Friday saw Facebook aflame in one of its periodic bouts of controversy. In its latest advertisement, Z Energy had depicted the ideal New Zealand, but had neglected to include a single Asian-Kiwi and, to cap that, had made a joke about Asian call centres.
All credit to Mike Bennetts, CEO of Z Energy, who quickly got on Facebook and damped the fire of outrage among Asian-Kiwis by apologising profusely and releasing another video that did include Asian faces. It was a timely and first-class example of how companies should react to a digital-media misstep.
However, before we dismiss this incident into cyber-posterity and move on, it raised one interesting point. Fuelling the flames of outrage were contributors who decried the Asian protest, saying that no Kiwi would, or should, react like this, that the Asians should lighten up and learn to take a joke.
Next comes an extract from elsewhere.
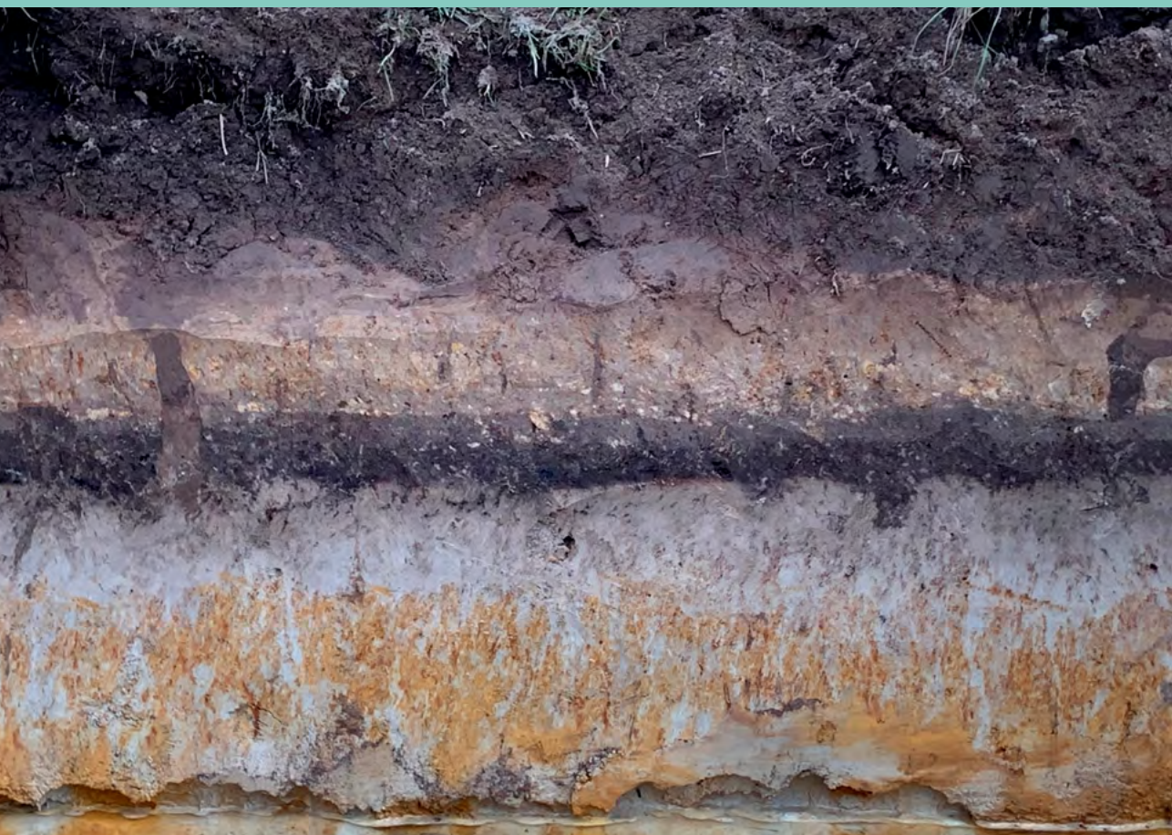
Foto: Bodemprofiel bij een archeologische opgraving in Haps.

Their comments implied that there was an expected "Kiwi" response to the video and that the Asian protest had fallen short of how a Kiwi should act. Their actions were somehow "un-Kiwi" and "Asian".
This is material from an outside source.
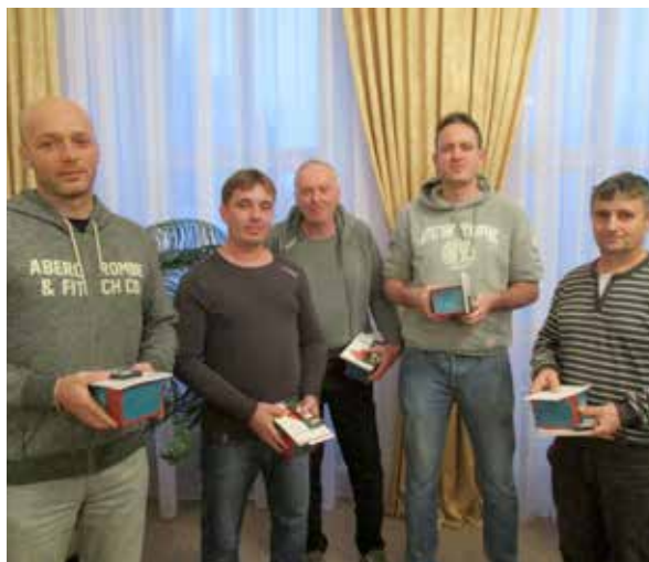
Darcovia ocenení zlatou Janského plakietou.
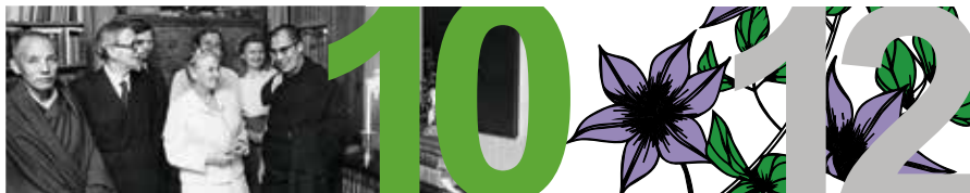
IM OCH FREDSTANKEN sidan 10–11

Despite our progress towards creating a more multicultural society, this video showed that there are clear standards that are expected of a "Kiwi" and it is easy to label minorities as foreign when they fall outside them.
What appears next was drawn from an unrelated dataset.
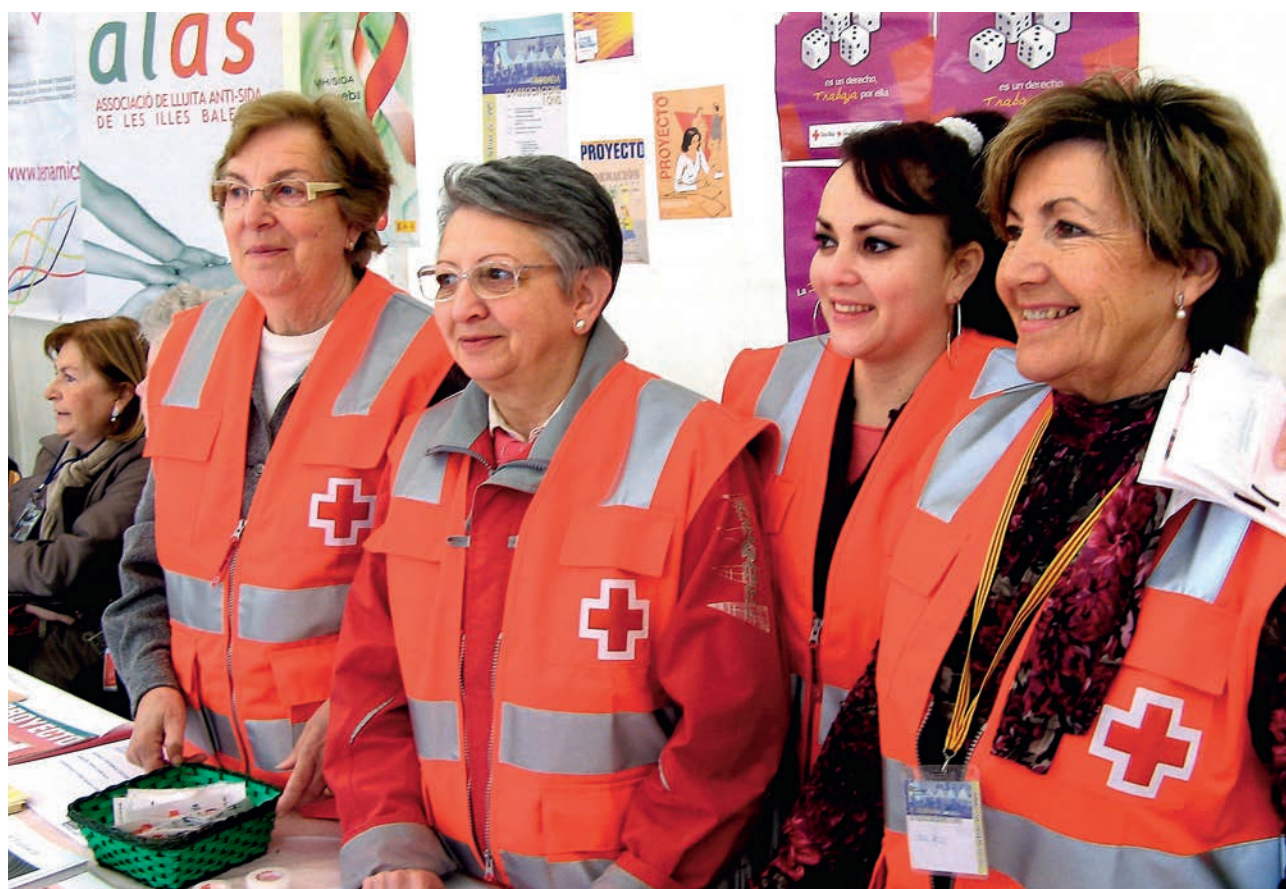
■ A Balears ja som més de 3.500 voluntaris i voluntàries.

Our understanding of what it means to be Kiwi is still dominated by traditional ideas of race and culture, which rarely allow for alternative means of expression. In this case, the Asian response was quickly written off as being non-Kiwi; of being outside the normative idea of being a New Zealander.
I do not want to deny the progress towards a multicultural society or to decry the legal progress made since World War II. There is absolutely no doubt that our laws have evolved with, and sometimes ahead of, the rest of the Western world. The introduction of Maori as an official language was one crucial step, the increase in migration from Asia another. Chinese is now taught in some of our primary schools, the white population no longer has a monopoly on power and we can all eat sushi whenever we want.
However, all this has proved is that a society cannot legislate racism away. Crucially, our imagined idea of what constitutes a New Zealander has not yet caught up with the legal changes towards multiculturalism and has not evolved to encompass these changes in society. Too often, the dominant "Kiwi" identity is defined as not being the alternative, "Asian" idea.
Let's consider this in the example of education. We have distinctively "Kiwi" methods of early education: child-based directed play. On the other hand, traditional Asian education has focused on intensive rote learning.
My point is not that either method is better, but that we see the Asian method as being fundamentally different, as foreign: this Asian method of learning is the opposite of the Kiwi way. Yet in a New Zealand that was genuinely multicultural, rote-learning would be as "Kiwi" as play-based learning.
Both styles would be different but equal aspects of New Zealand culture. They would not be foreign, they would not be "Asian" methods, they would both be "the Kiwi way".
A good example of this problem comes from a recently published article with the example of a boy who had spent his summer learning calculus. Whatever we may think of his dedication to mathematics, the important thing is that his actions were described as being "Asian", not as "Kiwi", despite his being born in New Zealand and considering himself as a Kiwi.
He was an aberration from the Kiwi norm, which the article explained on the grounds of race. Our understanding of being Kiwi was not inclusive enough to encompass a different culture and so he was excluded.
The definition of "Kiwi" remains firmly mono-cultural. Although I have focused on Asian relations, it would be equally applicable to Indians, Polynesians and to many other groups.
I do not mean to argue that New Zealand has not made progress in race relations; our institutions and laws have made strides to become more inclusive.
However, these are underpinned by a clear idea of being "Kiwi", an idea which too often excludes expressions of Asian culture and has not kept pace with the evolution towards a multicultural society. Only when we are able to look at an All Black and at an Asian maths prodigy and say that they are both true Kiwis will we have moved beyond a racist society.
* Simon Johnson is working on historical theories of nationalism and cultural identity at the University of Cambridge.